With this two-model approach, we get the locally adaptive PIs we want, while retaining the coverage guarantees of conformal prediction. The PI is however symmetric around the point estimate, which is perhaps a bit unfortunate for us. The true uncertainty will likely be asymmetric at times. For example, if the point estimate predicts that the capacity of the interconnector will be maxed out in one direction, all the uncertainty is on one side of the point prediction, and our PI will contain impossible values.

Let’s see how this PI looks on our two day window used to illustrate previous PIs:

Prediction interval from conformal prediction with normalized score

The PI generally looks quite good except for the symmetry. We have regions with a very narrow PI which largely looks correct in terms of coverage.

On a larger test set, the actual coverage is 78%, the average width is 155 MW, and the interval score is 269.

Gradient Boosted Decision Trees (GBT) with Pinball Loss

There’s a lot to unpack in that title. Let’s start with “decision trees”. The image below shows parts of a decision tree. As we can see, it’s a sort of flow chart where we make repeated decisions about which path to take based on the value of one of our features. We end up on a “leaf”, which determines our final prediction for the target variable. In the image, one path is highlighted. This is the path that was taken for one particular data point. The final leaf says we should predict a value of 41.86. Decision tree with highlighted prediction path

Trees can be trained or “grown” in a level-wise or a leaf-wise manner. Since the leaves in the tree above (represented as rectangular boxes) appear at different levels, we can infer that this tree was grown in a leaf-wise manner.

Moving on to the “gradient boosting” part of the title: Gradient boosting is a technique where many “weak learners”, or simple models, for example relatively small decision trees, are combined to make a stronger learner, and where each weak learner is trained to predict the mistakes of the previous one, so that its output can be used to correct for the previous learner’s shortcomings.

Here’s the algorithm in a bit more detail:

  • Start with a weak learner $f_1(x)$, in our case a decision tree.
  • Given some loss function $L(y, \hat{y})$, compute the negative of the gradient, the derivative of the loss function with respect to the prediction, $\hat{r}_{1,i} = -\frac{dL(y, \hat{y})}{d\hat{y}}$. This negative gradient points in the direction of the loss minimum, thus indicating which way a prediction should be corrected.
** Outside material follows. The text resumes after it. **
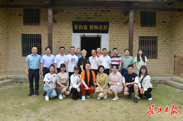 在《母亲》的前期创作过程中,该剧主创曾前往双峰采风。此次“回家”,该剧主演、中国戏剧梅花奖“二度梅”获得者刘子微特意带着青年演员们一起回到双峰。在蔡和森、蔡畅故居,她带着青年演员们找到蔡家兄妹的起居场景,找不同人物的感觉。刘子微说,这次“回家”是一次感恩之行,2020年她首次到双峰采风,在崎岖的山路上找到了“小脚老太”的感觉。“在剧中我全程踩跷演出,又是跨行演老旦,难度非常大,是葛健豪这个人物给了我坚持下来的勇气,让我不惧任何困难。现在《母亲》已经有了大剧院、小剧场版,演出近40场,我觉得应该带着青年演员们‘回家’来看一看,让他们也有更切身的体会。这次既是对革命先辈们精神的传承,也帮助他们更贴近这些人物。”《母亲》主创人员在蔡和森、蔡畅故居前合影。夏俊俊 摄

These values are called pseudo-residuals in the gradient boosting literature. The “1” in the subscript of $r$ indicates that the pseudo-residual belongs to the first learner, and the $i = 1, \dots, N$ enumerates our observations.
  • Train a new weak learner $f_2(x)$ on the same $X$, but with $r_{1,i}$ as the target.
  • Figure out the optimal amount $\hat{\gamma}_2$ of the output of this second learner to add to the output of the previous learner in order to minimize the loss across all $N$ observations. This optimization problem can be solved using line search. Our model is now $f_1(x) + \hat{\gamma}_2 f_2(x)$.
  • Repeat this process of training new learners, where each learner predicts the negative gradient of the entire model of all the previous learners, and finding the optimal “mix” of these learners.
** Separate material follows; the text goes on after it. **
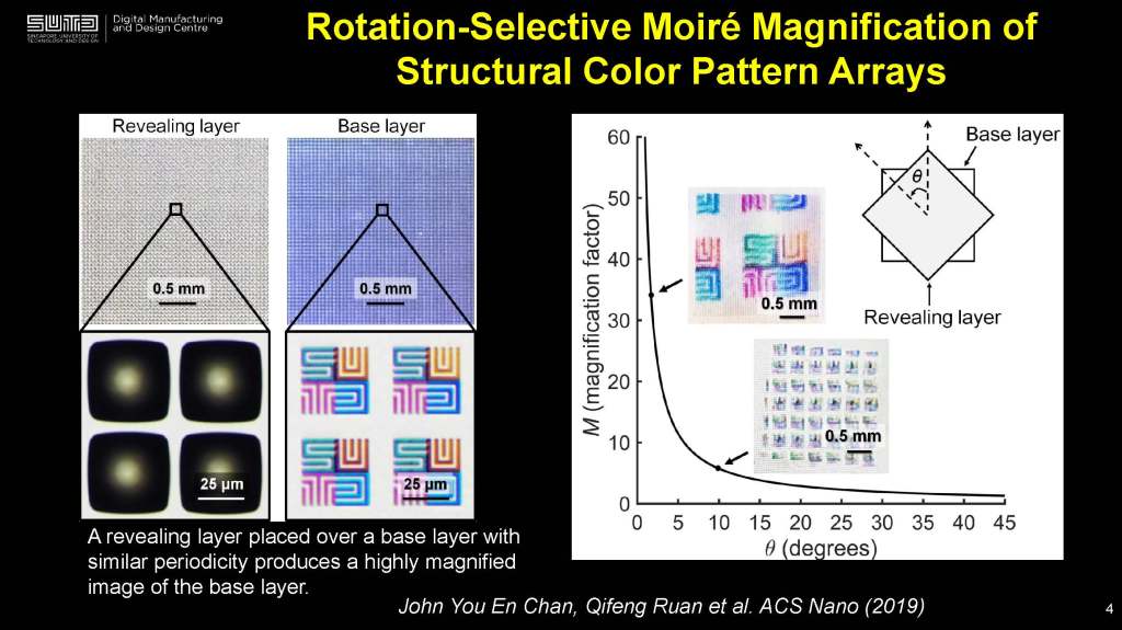J. Y. E. Chan, Q. Ruan, R. J. H. Ng, C.-W. Qiu, and J. K. W. Yang, “Rotation-Selective Moiré Magnification of Structural Color Pattern Arrays,” ACS Nano, vol. 13, no. 12, pp. 14138-14144, 2019/12/24 2019. https://doi.org/10.1021/acsnano.9b06772
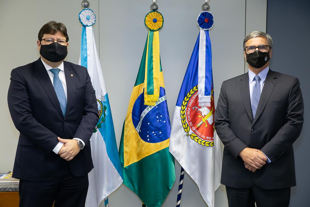 O procurador-geral de Justiça, Luciano Mattos, recebeu a visita do presidente do Tribunal de Justiça do Estado do Rio (TJ-RJ), Henrique Carlos de Andrade Figueira, na sede da instituição nesta quarta-feira (23/06). No encontro, foram discutidas pautas institucionais de interesse do MPRJ e da magistratura.

The figure below shows an example of how the prediction of the first weak learner (in this case 41.86, from the leaf highlighted in the decision tree above) is iteratively adjusted by the 99 following learners until we have a final prediction that is quite close to our target. Cumulative predictions from gradient boosting iterations

Gradient boosting is a simple but powerful framework. It’s highly flexible in multiple ways. It can be used for classification and ranking, as well as regression. It’s also flexible in the sense that we are free to choose both what weak learner to use, and the loss function. When used with decision trees as the weak learner, it’s non-parametric and very effective in a wide range of applications.

Ok, what about the last part of the title of this section: “pinball loss”? By using the pinball loss function, we can target a specific conditional quantile with our model. To target the quantile $\tau$, we’ll use the loss function

$$ L_\tau(y,\hat{y}) = \begin{cases} \tau (y – \hat{y}) & \text{if } y \ge \hat{y} \ (1-\tau)(\hat{y} – y) & \text{if } y < \hat{y} \end{cases} $$

This loss function is asymmetric (except when $\tau=0.5$), as visualized below.
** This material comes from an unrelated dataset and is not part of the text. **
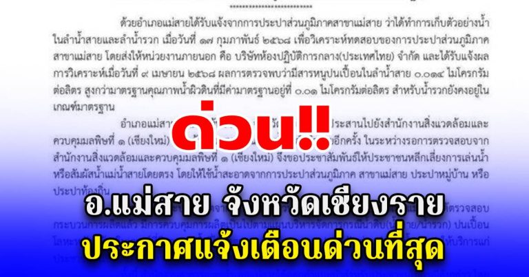 อ.แม่สาย จังหวัดเชียงราย ประกาศแจ้งเตือนด่วนที่สุด

Figure showing the asymmetric pinball loss

To generate a prediction interval, we train two separate models, one targeting the lower quantile, and one targeting the upper. A point estimate can be generated by targeting $\tau = 0.5$ (the median).

Let’s see how an 80% PI formed from the predictions of two GBT models trained on $\tau = 0.1$ and $\tau = 0.9$ looks. We’ll be using LightGBM which does leaf-wise tree growth.

Prediction interval from gradient boosted decision trees

This PI band looks very different from the ones we have seen so far. Its width is clearly feature-dependent, and it’s highly asymmetric in places. The fact that one PI bound often lands at 0 looks peculiar, but makes some sense given the fact that the direction of flow can often be determined with much higher confidence than the magnitude of the flow. The PI does cover regions that are outside the ATC band and therefore impossible, but not as often as with previous methods.

The empirical coverage is 80%, the mean width is 151, and the interval score is an impressive 218.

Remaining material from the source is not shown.